» **TASK ITEM**:
Below are some records. Return exactly their lines from the one containing "all-cis-8,11,14,17-eicosatetraenoic acid |" through the one containing "For the best", and drop the pictures.

» **PROVIDED DATA**:
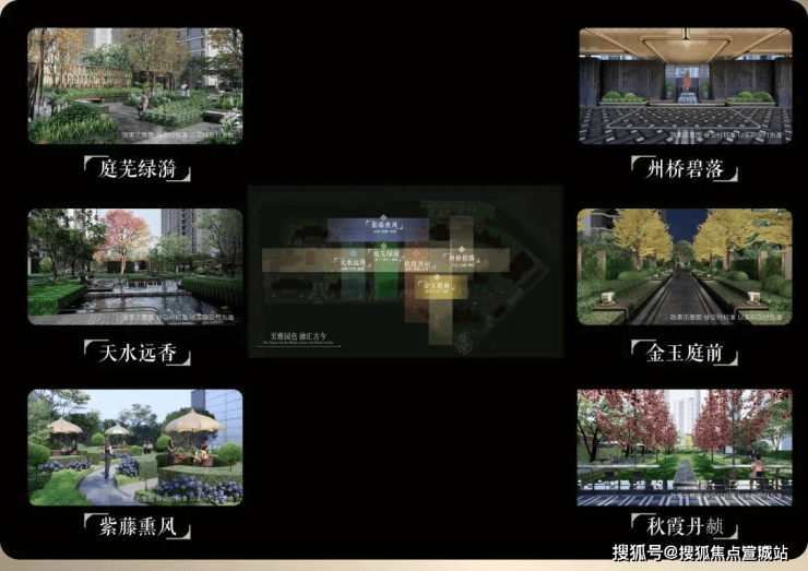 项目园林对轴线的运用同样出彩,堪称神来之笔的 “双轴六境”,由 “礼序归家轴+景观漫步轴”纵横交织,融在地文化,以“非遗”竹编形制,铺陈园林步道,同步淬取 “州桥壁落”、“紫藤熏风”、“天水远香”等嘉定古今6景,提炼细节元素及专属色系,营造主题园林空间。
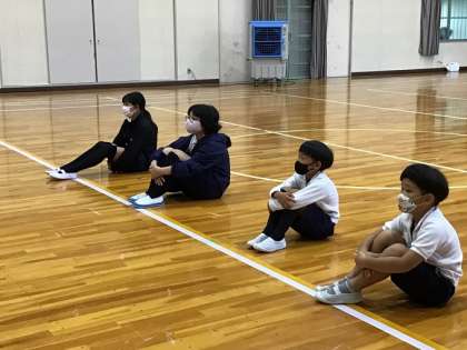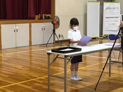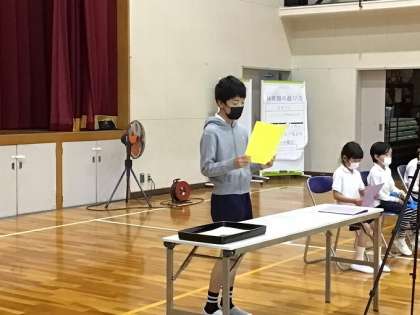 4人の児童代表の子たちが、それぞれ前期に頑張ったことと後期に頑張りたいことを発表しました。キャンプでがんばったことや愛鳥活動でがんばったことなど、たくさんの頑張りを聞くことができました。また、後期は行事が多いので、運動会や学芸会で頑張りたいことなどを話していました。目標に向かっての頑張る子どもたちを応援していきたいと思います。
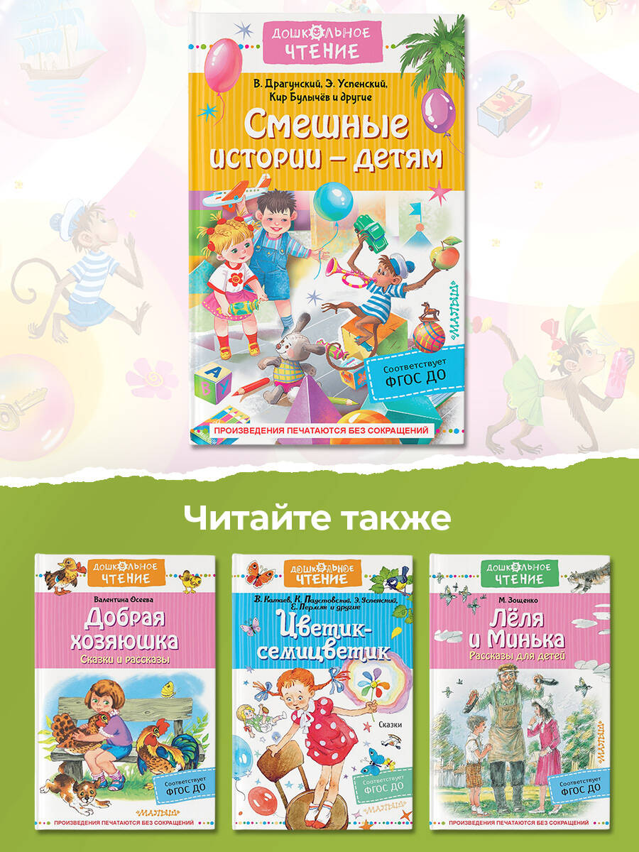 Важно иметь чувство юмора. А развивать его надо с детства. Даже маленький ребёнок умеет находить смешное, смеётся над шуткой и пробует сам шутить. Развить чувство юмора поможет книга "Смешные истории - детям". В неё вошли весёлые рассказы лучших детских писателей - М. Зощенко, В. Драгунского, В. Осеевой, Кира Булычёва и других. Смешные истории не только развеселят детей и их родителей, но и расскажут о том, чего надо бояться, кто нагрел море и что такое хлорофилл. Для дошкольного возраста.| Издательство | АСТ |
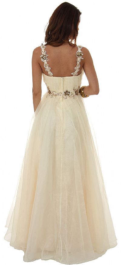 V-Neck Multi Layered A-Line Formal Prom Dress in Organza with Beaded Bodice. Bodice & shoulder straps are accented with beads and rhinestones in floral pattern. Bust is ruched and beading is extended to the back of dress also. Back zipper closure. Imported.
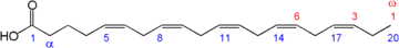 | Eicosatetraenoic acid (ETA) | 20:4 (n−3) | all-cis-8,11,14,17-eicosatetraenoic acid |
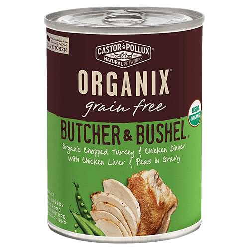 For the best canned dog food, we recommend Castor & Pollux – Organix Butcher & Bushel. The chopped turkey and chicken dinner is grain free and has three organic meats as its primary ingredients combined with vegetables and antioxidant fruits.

==

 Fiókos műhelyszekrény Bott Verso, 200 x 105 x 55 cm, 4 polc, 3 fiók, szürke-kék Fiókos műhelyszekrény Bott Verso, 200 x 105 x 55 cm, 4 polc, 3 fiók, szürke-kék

» **TASK OUTPUT**:
 | Eicosatetraenoic acid (ETA) | 20:4 (n−3) | all-cis-8,11,14,17-eicosatetraenoic acid |
 For the best canned dog food, we recommend Castor & Pollux – Organix Butcher & Bushel. The chopped turkey and chicken dinner is grain free and has three organic meats as its primary ingredients combined with vegetables and antioxidant fruits.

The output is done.